Woodbury town vote by party in gubernatorial elections
| Year | Democratic | Republican | Third Parties |
|---|---|---|---|
| 2022 | 45.91% 2,321 | 52.50% 2,654 | 1.59% 80 |
| 2018 | 39.22% 2,073 | 57.14% 3,020 | 3.63% 192 |
| 2014 | 37.67% 1,598 | 61.41% 2,605 | 0.92% 39 |
| 2010 | 38.61% 1,727 | 60.32% 2,698 | 1.07% 48 |
| 2006 | 26.67% 1,160 | 72.14% 3,138 | 1.20% 52 |
| 2002 | 29.50% 1,187 | 70.50% 2,837 | 0.00% 0 |
| 1998 | 22.13% 788 | 76.30% 2,717 | 1.57% 56 |
| 1994 | 25.53% 982 | 52.89% 2,034 | 21.58% 830 |
| 1990 | 12.56% 447 | 53.18% 1,892 | 34.26% 1,219 |
| 1986 | 46.19% 1,297 | 53.81% 1,511 | 0.00% 0 |
| 1982 | 38.40% 1,228 | 60.79% 1,944 | 0.81% 26 |
| 1978 | 42.79% 1,255 | 57.21% 1,678 | 0.00% 0 |
| 1974 | 43.31% 1,204 | 56.69% 1,576 | 0.00% 0 |
| 1970 | 25.63% 588 | 74.37% 1,706 | 0.00% 0 |
| 1966 | 27.34% 509 | 72.66% 1,353 | 0.00% 0 |
| 1962 | 25.45% 467 | 74.55% 1,368 | 0.00% 0 |
| 1958 | 38.73% 596 | 61.27% 943 | 0.00% 0 |
| 1954 | 20.88% 288 | 78.46% 1,082 | 0.65% 9 |
| 1950 | 18.75% 237 | 78.96% 998 | 2.29% 29 |
| 1948 | 21.58% 260 | 77.34% 932 | 1.08% 13 |
| 1946 | 15.06% 134 | 79.44% 707 | 5.51% 49 |
| 1944 | 16.03% 172 | 82.95% 890 | 1.03% 11 |
| 1942 | 14.59% 103 | 81.02% 572 | 4.39% 31 |
| 1940 | 16.55% 166 | 79.36% 796 | 4.09% 41 |
| 1938 | 21.41% 179 | 56.34% 471 | 22.25% 186 |
| 1936 | 28.88% 255 | 70.55% 623 | 0.56% 5 |
| 1934 | 19.79% 149 | 77.69% 585 | 0.25% 19 |
| 1932 | 24.31% 186 | 71.37% 546 | 4.31% 33 |
| 1930 | 26.31% 141 | 73.32% 393 | 0.37% 2 |
| 1928 | 15.98% 112 | 83.59% 586 | 0.43% 3 |
| 1926 | 12.24% 48 | 86.99% 341 | 0.77% 3 |
| 1924 | 20.42% 118 | 79.24% 458 | 0.35% 2 |
| 1922 | 27.75% 144 | 71.87% 373 | 0.39% 2 |
| 1920 | 23.10% 134 | 75.52% 438 | 1.38% 8 |
| 1918 | 34.46% 92 | 64.79% 173 | 0.75% 2 |
| 1916 | 23.10% 134 | 75.52% 438 | 1.38% 8 |

==Education==
Woodbury is part of the Region 14 School District consisting of Nonnewaug High School, Woodbury Middle School, Bethlehem Elementary School, Mitchell Elementary School, and STAR Preschool Program.

==Media==
- Waterbury Republican-American, independent daily newspaper
- Voices, a local newspaper serving Southbury, Middlebury, Oxford, Seymour, Naugatuck, Woodbury, Bethlehem, New Preston, Washington, Washington Depot, Roxbury, Bridgewater, Monroe, Sandy Hook and Newtown

== Infrastructure ==
===Transportation===
U.S. Route 6 is the main thoroughfare in the town, leading northeast 7 mi to Watertown and south 5 mi to Southbury. Connecticut Route 64 is a main highway leading east five miles to Middlebury and 10 mi to Waterbury.

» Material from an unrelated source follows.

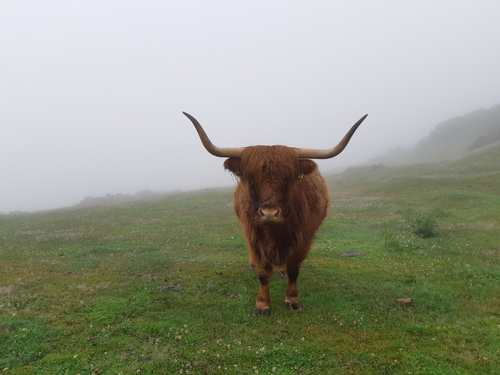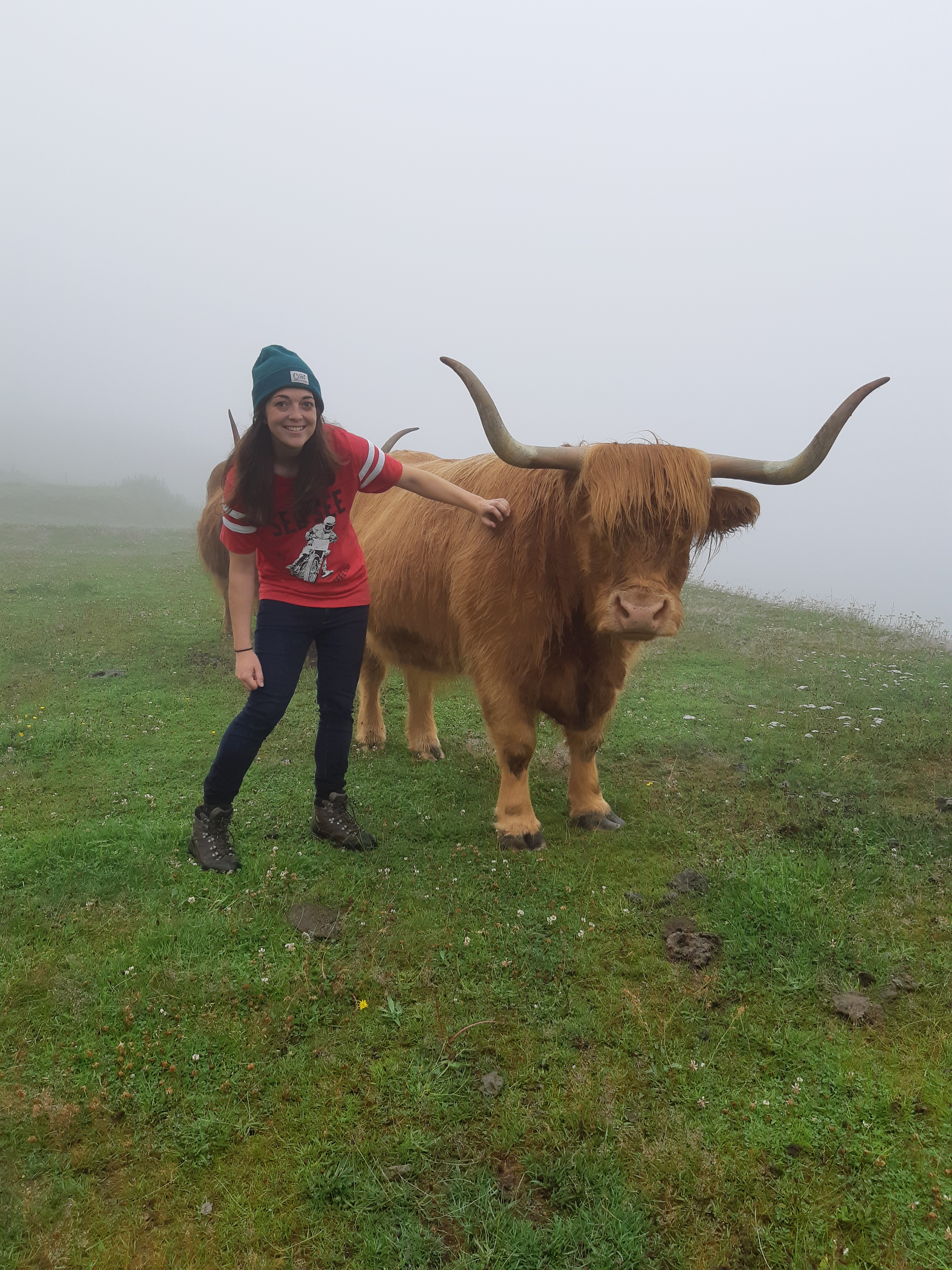 I was DETERMINED to see some Highland Cattle on our Scotland trip! This proved to be a bit difficult, since I stayed in the city (Kyla saw lots on her highland and Skye road trip), but mission was accomplished! Of course I’d done loads of research and discovered there were a couple of places nearish to Edinburgh to see them. The first, Prestonfield House, was only mildly successful: there were 2 coos – only one orange – way far out in a gated field. Not good enough! So when Kyla got back with her rental car, she very kindly agreed to drive down to Swanston Farm (after days of stressful driving) so that I could try one more time to make my Scotland dreams come true. We found the farm… shrouded in a heavy fog! We could barely see each other, let alone any cows! But before giving up, I read on the website that you could enter the gated area, so in we went, uphill, (hopefully) towards the coos! We were both vaguely nervous about the idea of giant horns appearing out of nowhere through the fog, and the grass was long and wet and filled with cow patties, but I was highly motivated! Finally, at the top of the hill, we spotted some sheep, and I tried to accept the fact that this might be the only Scottish wildlife I would see. Kyla suggested we just go a bit farther before heading back, so up and over some rocks we went when all of a sudden… we made out a vague orange blob! A little further and we saw two… three… four hairy cows! A farm employee arrived at the same time, trying to urge them down the hill so that her mother, who couldn’t make the walk up, could see them. She told us their names, and that one was chill enough to pet! I was elated! Kyla thought they were kind of soggy hahaha. We hung out with Thelma and Louise for a while before heading back to town to change out of out wet, cow poo pants, still smiling from ear to ear. So there you have it, proof that a little rain won’t stop your Scottish dreams from coming true!
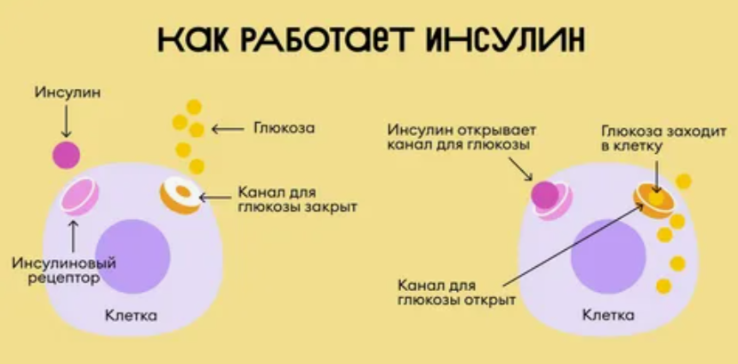 Простыми словами, представьте, что у нас есть клетка, клетка должна отдавать организму энергию, не только чтобы мы двигались, но и чтобы у нас работал весь организм. Энергия образуется из глюкозы, клетка – это дверь, инсулин – это ключ к двери, инсулин открывает дверь и глюкоза заходит в клетку. Если инсулина становится слишком много, то инсулин уже не открывает дверь, а глюкоза не заходит в клетку. Энергия не производится, инсулин накапливается, глюкоза повышается в крови.

Other highways in the town include Route 47, leading northwest to Washington; Route 61, leading north from the eastern part of town to Bethlehem; Route 132, leading north from the center of Woodbury to Bethlehem; and Route 317, leading west to Roxbury.

==Notable people==

- Leroy Anderson (1908–1975), composer ("Sleigh Ride" and many other works); lived in Woodbury from 1948 until his death in 1975. His widow Eleanor Anderson (1918–2014) lived in Woodbury from 1948 until her death
- Malcolm Baldrige (1922–1987), 26th United States Secretary of Commerce; lived in Woodbury until his death in 1987
- Joe Beck (1945–2008), jazz guitarist; lived in Woodbury until his death in 2008
- Hayden Carruth (1921–2008), poet and critic; grew up in the town
- Santino Ferrucci, racing driver; born in the town in 1998
- Alexander Hamilton (1847–1928), rector of St. Paul's Episcopal Church
- Matthew Lyon (1749–1822), U.S. Representative from Vermont and Kentucky, lived in Woodbury after emigrating from Ireland
- Kay Sage (1898–1963), surrealist painter; lived in Woodbury from 1940 until her death
- Henry Shelton Sanford (1823–1891), diplomat and the founder of Sanford, Florida; born in Woodbury
- Yves Tanguy (1900–1955), surrealist painter; lived in Woodbury from 1940 until his death
- William Robert Taylor (1820–1909), governor of Wisconsin; born in Woodbury
- Robert Templeton (1929–1991), presidential portraitist and civil rights artist; lived in Woodbury and maintained his studio there from 1965 until his death
- Rob Zombie, musician and movie director; moved to the town in January 2009 with his spouse Sheri Moon and has since sold his house and moved from town.